One of the learning is that in a complex decentralized system, attempting to infer message reliability from user report is hard.
For example, measuring reliability this way:

Alice sends message, reports to telemetry service she sent the message
Bob receives Alice’s message, reports to telemetry service he received it,
Carol does not receive Alice’s message, reports to telemetry service she did not receive it (?!),
We can state we have 50% reliability (no we cannot).

You can infer from step 3 that it is a complex problem to solve. Hence, all new telemetry we added were much simpler and streamlined:

Alice reports how many peers she is connected to;
Alice reports dial failures and reasons when connecting to peers;
Alice reports message she discovered via a store query;
etc

As we are tackling bandwidth measurements via telemetry we can look at number and size of messages sent during a period of times, to better understand how much traffic is produced by a single app instance.

Simpler metrics allows us to use the Prometheus monitoring solutions to handle them. This can enable us to look at metrics from an instance running locally, e.g. by feeding metrics generated by Status Desktop to a local Grafana instance.

Telemetry at all layers

Prometheus is already heavily used in nwaku, to help us monitor nodes we are running. Which means we can access all those metrics when swapping go-waku with nwaku in Status app (go-waku also has some metrics).
As we use matured those metrics to monitor nwaku node fleets, we can further reap this effort by using them to improve the Status app.

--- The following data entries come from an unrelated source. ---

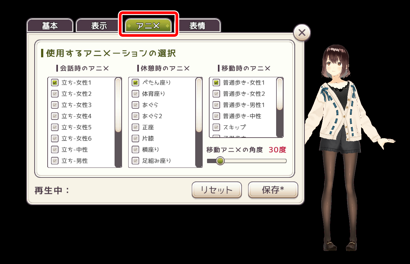 Vcotのキャラクターを右クリックし、「設定」をクリックします。
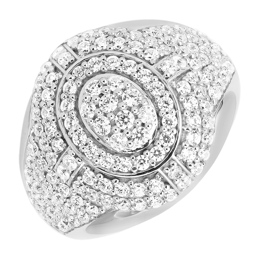La bague Élixir séduit par son design circulaire élégant, sublimé par un pavage de 140 diamants synthétiques d’un total de 1,29 carat.
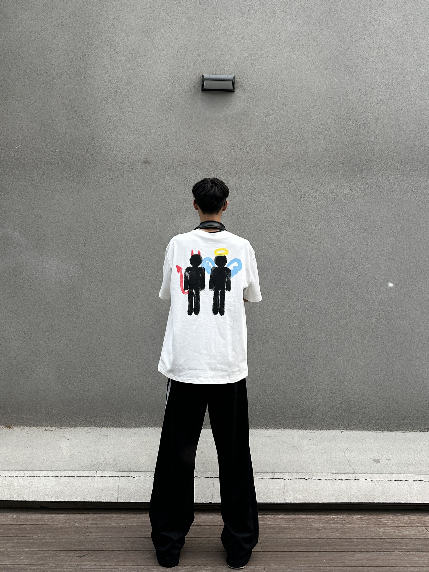 本篇笔记关联了【林枫松同款】Teach Peace 美式趣味恋人契约天使恶魔手绘胶印涂鸦圆领套头衫短袖T恤 男女同款 TP2310020007 白、BJHG 麂皮绒直筒阔腿休闲长裤 BJHG-50ACK517 炭黑等商品,为用户提供真实的使用体验和购买参考。
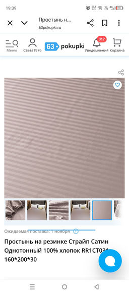 Простынь на резинке Страйп Сатин Однотонный 100% хлопок RR1CT031 160*200*30
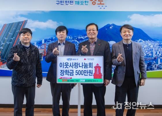 정안뉴스 황정혜 기자 | 이웃사랑나눔회는 지난 11월 28일 영도구를 방문하여 이웃돕기 성금 500만 원을 기탁하며 연말 지역사회에 따뜻함을 더했다.
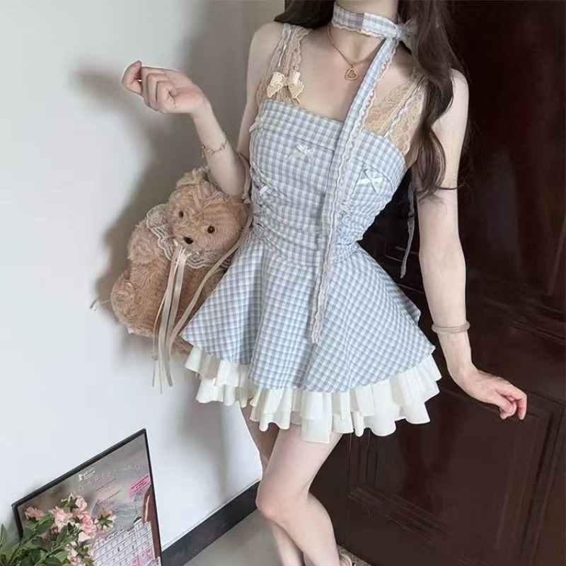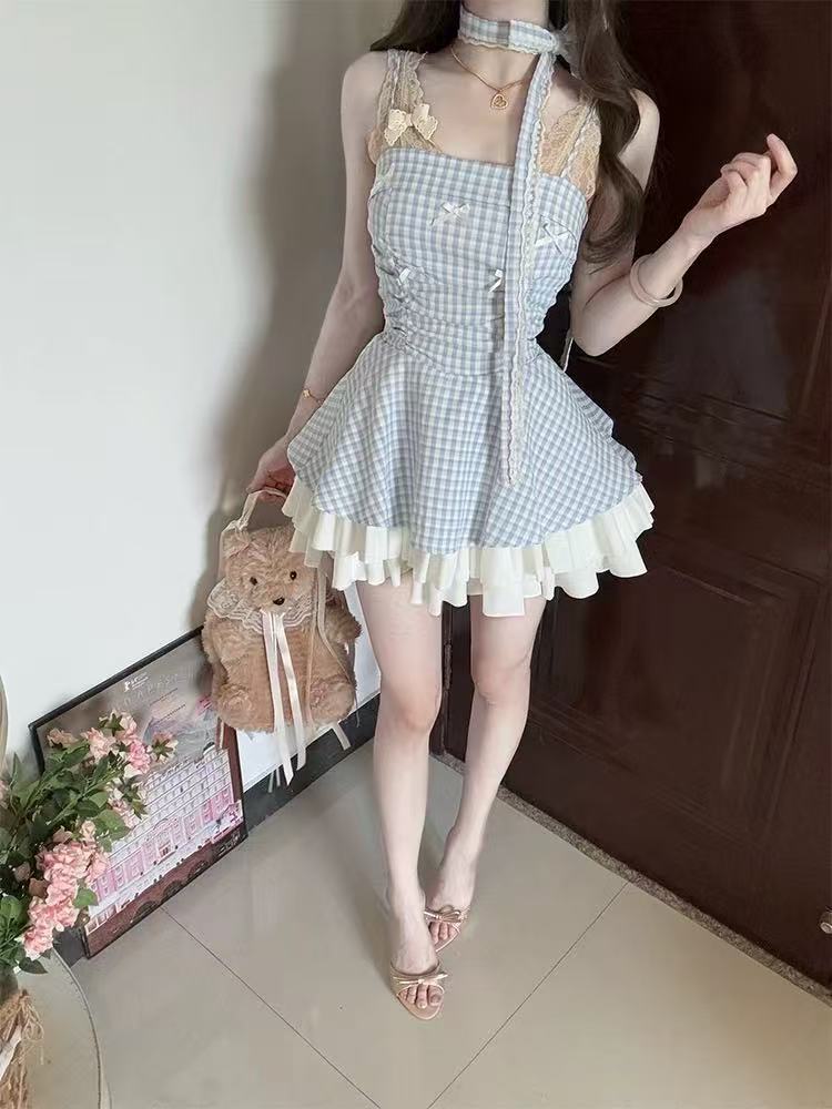 2026 여름 달콤함 한국 스타일 바람 섹시함 나비 매듭 슬립 여성 드레스 하이웨이스트 슬림해 보이는 체크무늬 퍼프 미니 스커트
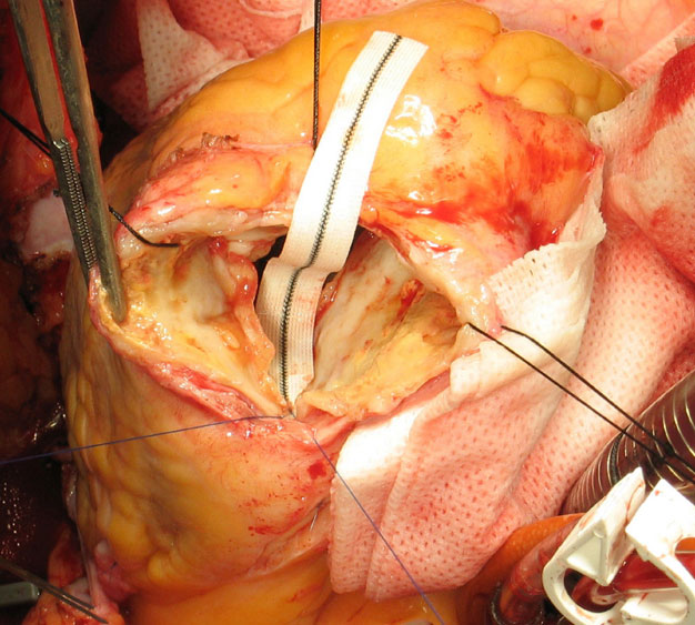 enlarged left ventricle and repair of the resultant mitral regurgitation with a valve ring.
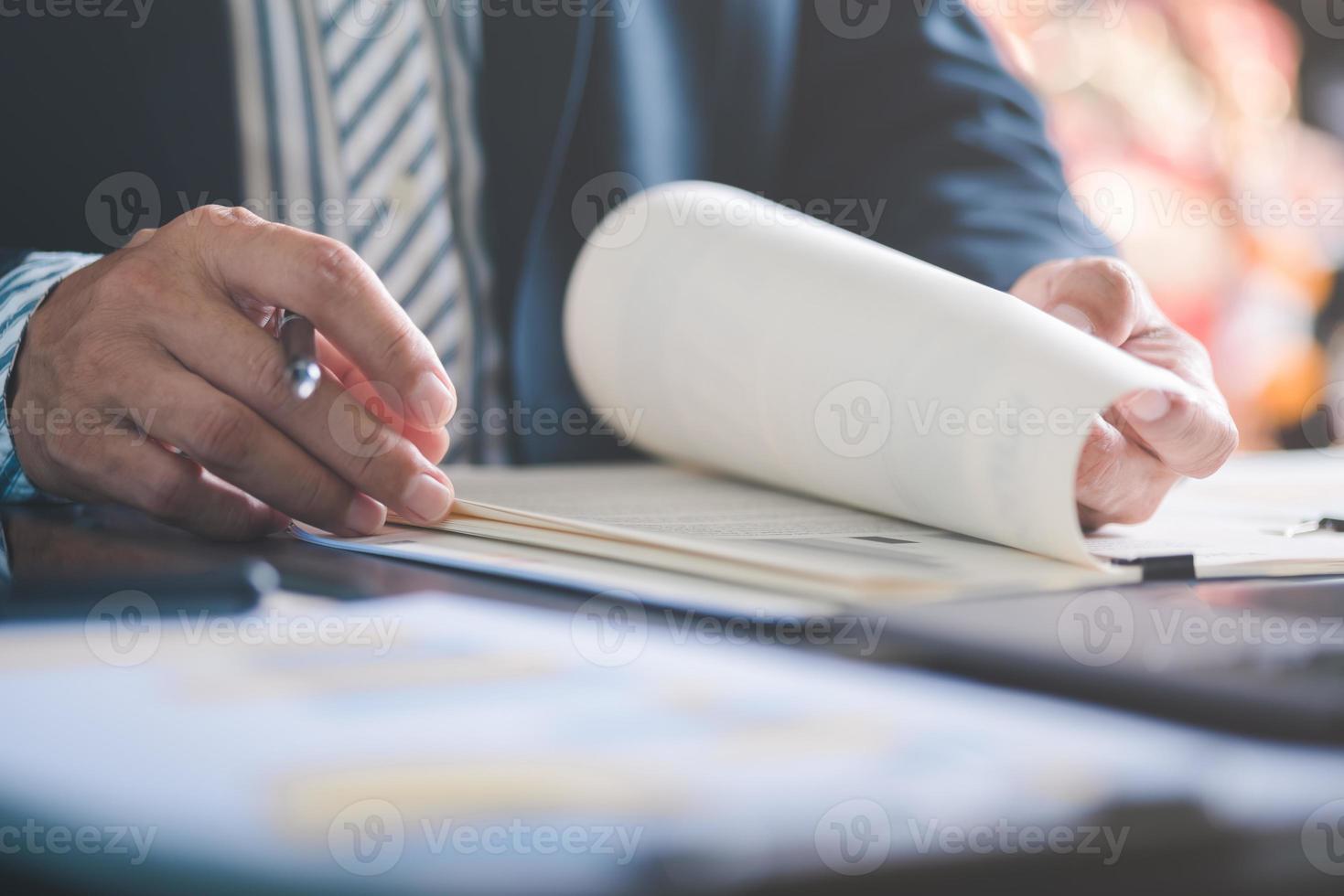 Businessman Audit documents, quality assessment management With a checklist, business document evaluation process, market data report analysis and consulting, plan review process. Pro Photo

Furthermore, by integration Prometheus at all layers of the stack, we can enable further monitoring and investigation of higher level behaviour (chat protocol); such as counting messages sent by a given feature, etc.

Such an approach can be taken beyond analysis of software behaviour for improvements purposes. Having Prometheus events emitted from Status Communities protocol could enable a community owner to have insight on their own community by running pre-defined Grafana instance locally:

Rate of members joining
Activities per channel
Most active members
etc

Similar to what Discord metrics offer to large servers, but fully local and sovereign.

Aggregation

We are also considering aggregating metrics from users’ instances into a common instance, to replace the custom telemetry server (fully opt-in).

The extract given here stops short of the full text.